The transmission of parameters from the first aeroplane by the determination means DET2 by data link to the second aeroplane, DET2 is generated on the basis of this information provided as input to a wake turbulence model, or DET2 can be extracted from an onboard database of these curves with as search key the information about the first aircraft originating from the onboard monitoring.

The comparison module COMP, as specified hereinafter, may be effected by sliding a window over the reference roll curve until a verisimilitude is found between the roll sinusoids (for example on the first derivatives) or by correlation.

An alarm module AL makes it possible to forewarn the pilot of the second aircraft of the detection of wake turbulence generated by the of the first aircraft when the said comparison performed by the comparison module COMP is below or equal to a resemblance threshold SS.

The resemblance threshold can, for example, be a constant value for a comparison in the sliding window, or of a statistical nature such as a Gaussian extracted from the values for the second aircraft, compared with the reference Gaussian by a correlation function of x² type.

The envelope CRollRef of reference roll curves may be formulated on the basis of a databank of signatures obtained on the basis of measurement campaigns (for example measurement campaigns in airports performed since the year 1990). A signature is understood as values taken by a set of representative parameters, in this instance a roll curve. These signatures are associated with particular aircraft for a certain range of speeds and in a particular flight phase or configuration for example an approach. The generic signature model is extracted by considering the variability of the speed range, the impact of the aeroplane configuration and the weight variation, these being the main parameters influencing the reference roll curves.

The envelope of reference roll curves may be obtained by simulation: once the signature of the turbulence-generating aeroplane has been captured, the “air” parameters in the presence of turbulence (air speed, accelerations) are overlaid on the stable “air” parameters input to the equations for the dynamics of the second aircraft. The roll variation curve is recorded as output.

As a variant, the envelope of reference roll curves may be obtained by in-flight trials: the roll curve of the second aircraft is recorded, for example on the information of the inertial platforms, after passing through the wake turbulence of the first aircraft. The wake turbulence of the first aircraft is simultaneously recorded by ground sensors (lidar, radar, multi-lateration, etc.).

For a new carrier or a carrier that has not been measured during campaigns or that cannot join in a campaign or fly over a suitably equipped airport, the generic signature may be obtained by processing the ranges of variability (speed, weight, configuration) with an approved vortex wake model (to date there are 3 such: P2P, APA and WAKE4D).

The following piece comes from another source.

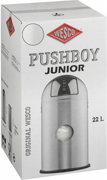 Mülleimer Wesco Pushboy JuniorDieser stilvolle Mülleimer passt ideal in kleinere Büros oder Haushalte. Dank der großen Klappe aus Edelstahl bleiben Gerüche zuverlässig eingeschlossen.Praktisch für jedes BüroDer stabile Kunststoffring an der Unterseite schützt den Boden. Im Inneren befindet sich ein Metalleinsatz, der das Entleeren erleichtert.Eigenschaften:Geruchsdichte Klappe aus EdelstahlInnenliegender Metalleinsatz für einfaches LeerenStabiler Kunststoffring schützt den Boden vor KratzernKompakte Größe für kleinere RäumeVolumen: 22 LiterAbmessungen (BxHxT): 35 x 63 x 35 cm

The second determination module DET2 comprises first inputs comprising operating parameters of the first aircraft. The first inputs can comprise, for example, the speed v₁ of the first aircraft, and/or the mass m₁ of the first aircraft, and/or the wingspan l₁ of the first aircraft, and/or the flight phase pv₁ of the first aircraft, and/or the type t₁ of the said first aircraft, so as to determine the said envelope CRollRef of reference roll curves.

The first determination module MOD1 comprises, in this instance, an inertial platform. Aircraft are already obliged to possess an inertial platform, which measures the variations in the angle of roll of the aircraft which make it possible to calculate the roll or angle of roll, by temporal integration. Several models thereof of different accuracy and reliability exist, but as the error of an inertial platform is known, the quality of the latter in no way changes the calculations implemented in the system.

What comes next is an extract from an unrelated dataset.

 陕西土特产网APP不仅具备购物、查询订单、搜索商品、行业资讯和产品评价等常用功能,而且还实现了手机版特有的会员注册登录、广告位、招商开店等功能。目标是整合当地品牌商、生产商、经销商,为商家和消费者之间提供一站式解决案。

The comparison means COMP are adapted for comparing, over the sliding window, the roll Roll₂ of the second aircraft and the said envelope CRollRef of reference roll curves, by comparing a function applied to the said roll and this same function applied to the said envelope of reference roll curves.

This function can, for example, take account of the variation in intensity over a representative interval, take account of the roll inversion time either on passing the optimum or on a change of sign. In addition, this function can for example be the temporal derivative of the roll function.

The roll signature when the second aircraft experiences the wake turbulence of the first aircraft is similar to a sinusoid period with specific characteristics on the slopes, the amplitude and the period of each half-period of the curve. These specific features are so many points to be correlated.

The envelope CRollRef of reference roll curves can, for example be determined using curves arising from the wake turbulence models of P2P, APA or WAKE4D type, to which variations of inputs are applied so as to establish a fan of curves, from which the envelope is extracted.

In FIG. 2 is illustrated a variant of the embodiment of the system of FIG. 1, in which the second determination module DET2 comprises, furthermore, second inputs comprising external parameters of the first aircraft. In this instance, the second inputs comprise, for example, the position of the first aircraft, the wind in the space separating the first and second aircraft, and/or the temperature in the space separating the first and second aircraft, so as to determine the said envelope of reference roll curves.

These additional parameters make it possible to add an anticipation of the alerts, by replacing estimations with measurements, and thus reduce the variability of the envelope established by the first variant embodiment, thereby directly reducing the rate of false alerts and of missed alerts.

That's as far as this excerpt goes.